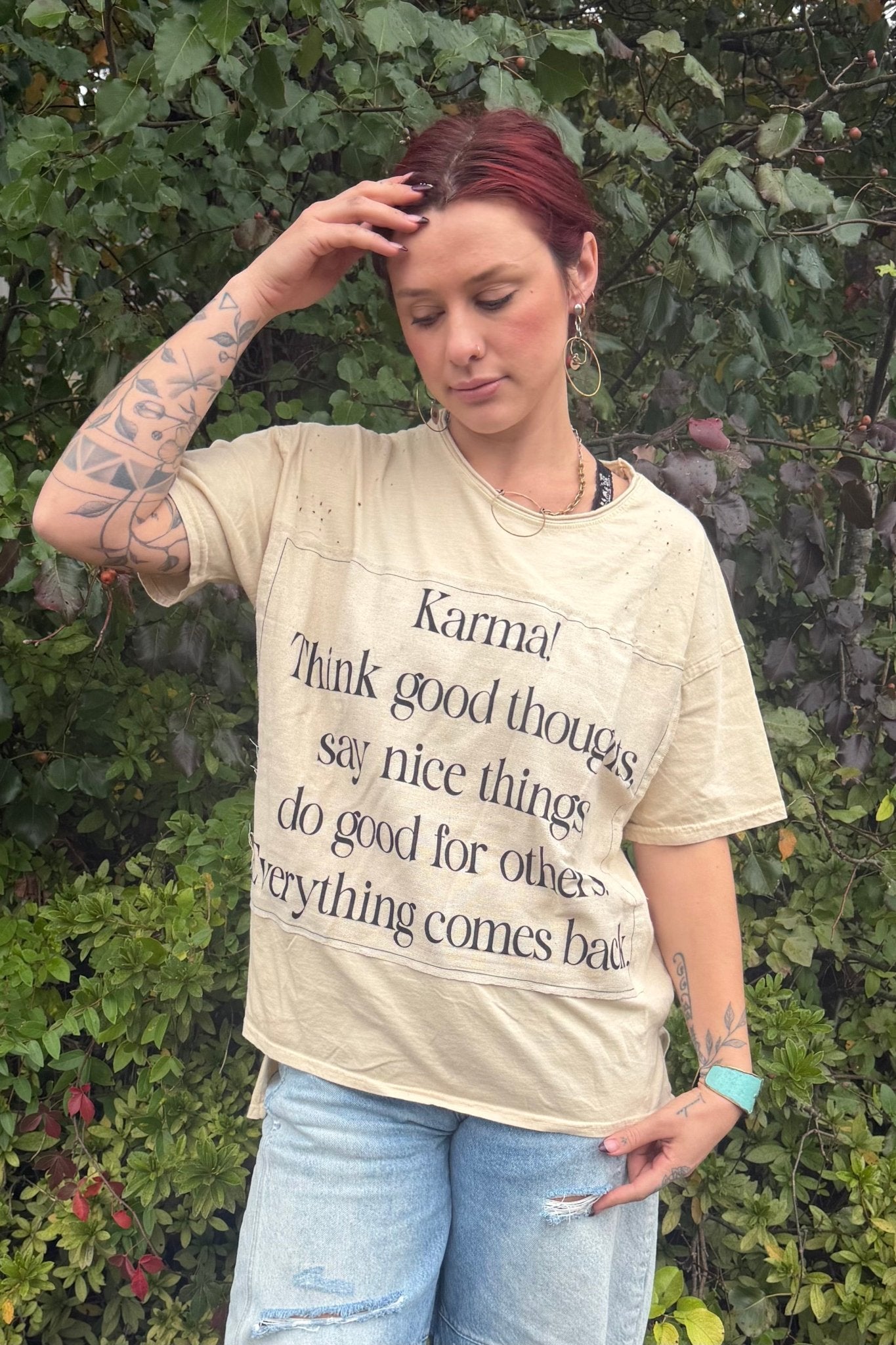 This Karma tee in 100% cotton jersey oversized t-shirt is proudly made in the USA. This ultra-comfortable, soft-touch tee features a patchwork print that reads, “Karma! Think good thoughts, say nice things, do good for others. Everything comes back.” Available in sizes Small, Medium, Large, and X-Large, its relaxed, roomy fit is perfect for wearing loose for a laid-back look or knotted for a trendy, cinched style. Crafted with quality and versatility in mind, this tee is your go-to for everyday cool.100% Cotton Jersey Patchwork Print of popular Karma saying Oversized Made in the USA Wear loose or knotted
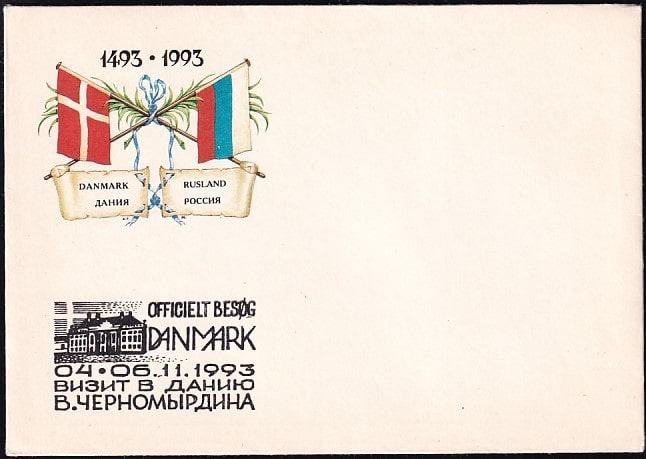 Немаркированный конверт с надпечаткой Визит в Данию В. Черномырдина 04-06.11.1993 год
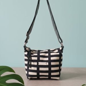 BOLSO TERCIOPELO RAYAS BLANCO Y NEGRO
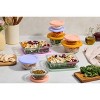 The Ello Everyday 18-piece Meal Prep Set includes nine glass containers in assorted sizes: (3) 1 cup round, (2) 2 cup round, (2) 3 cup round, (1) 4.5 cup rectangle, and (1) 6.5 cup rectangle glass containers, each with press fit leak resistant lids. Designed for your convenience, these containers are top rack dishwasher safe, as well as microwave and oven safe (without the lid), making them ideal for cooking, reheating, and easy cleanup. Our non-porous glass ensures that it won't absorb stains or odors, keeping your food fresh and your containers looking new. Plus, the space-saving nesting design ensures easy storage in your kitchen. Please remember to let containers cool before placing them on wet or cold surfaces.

==

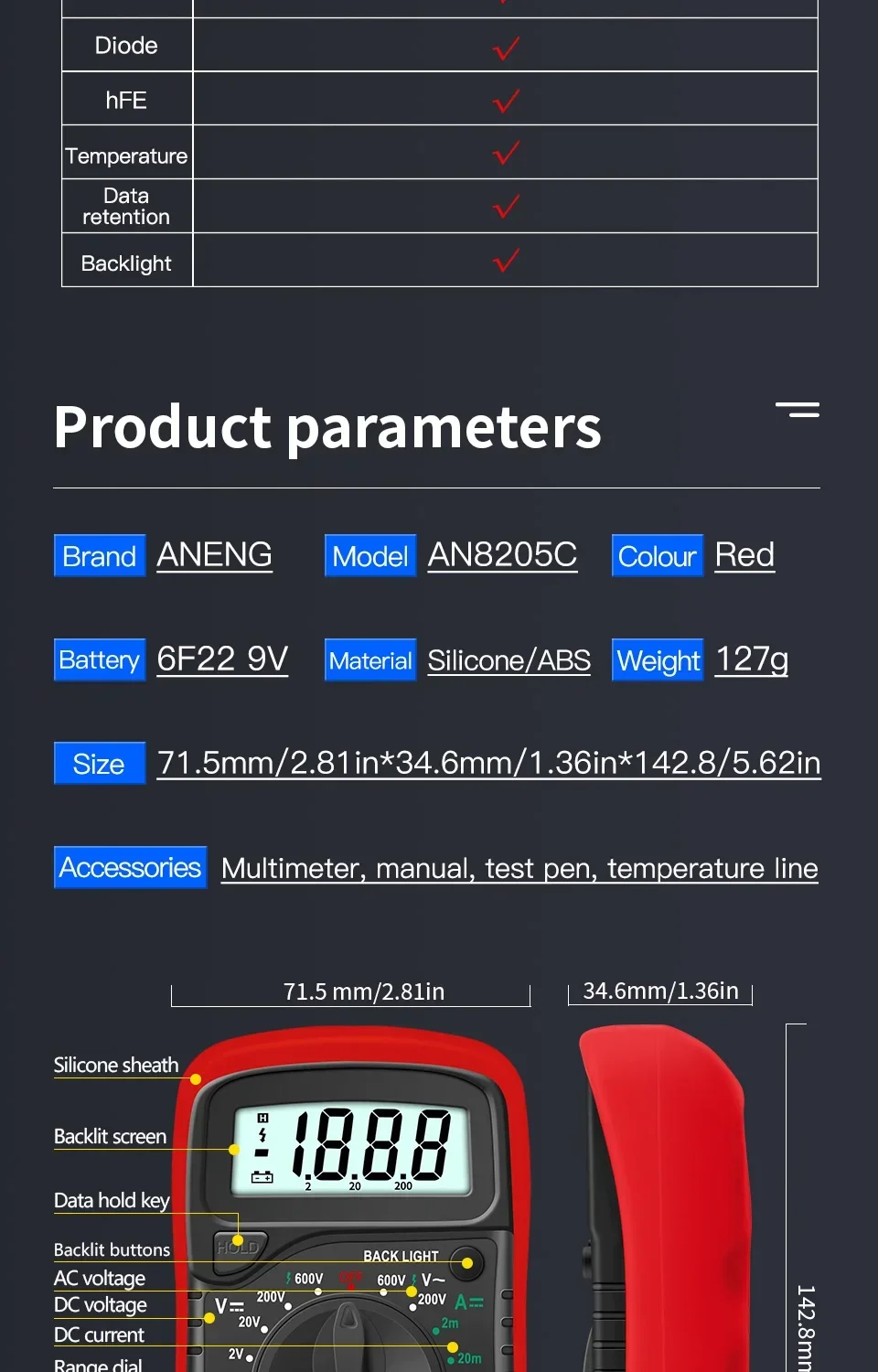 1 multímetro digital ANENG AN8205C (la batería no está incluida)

WORK ITEM » Go back to the listing above and reproduce, exactly, the stretch from the line bearing "This Karma tee" through the line bearing "BOLSO TERCIOPELO RAYAS BLANCO Y NEGRO", without its pictures.

OUTPUT BELOW »
 This Karma tee in 100% cotton jersey oversized t-shirt is proudly made in the USA. This ultra-comfortable, soft-touch tee features a patchwork print that reads, “Karma! Think good thoughts, say nice things, do good for others. Everything comes back.” Available in sizes Small, Medium, Large, and X-Large, its relaxed, roomy fit is perfect for wearing loose for a laid-back look or knotted for a trendy, cinched style. Crafted with quality and versatility in mind, this tee is your go-to for everyday cool.100% Cotton Jersey Patchwork Print of popular Karma saying Oversized Made in the USA Wear loose or knotted
 Немаркированный конверт с надпечаткой Визит в Данию В. Черномырдина 04-06.11.1993 год
 BOLSO TERCIOPELO RAYAS BLANCO Y NEGRO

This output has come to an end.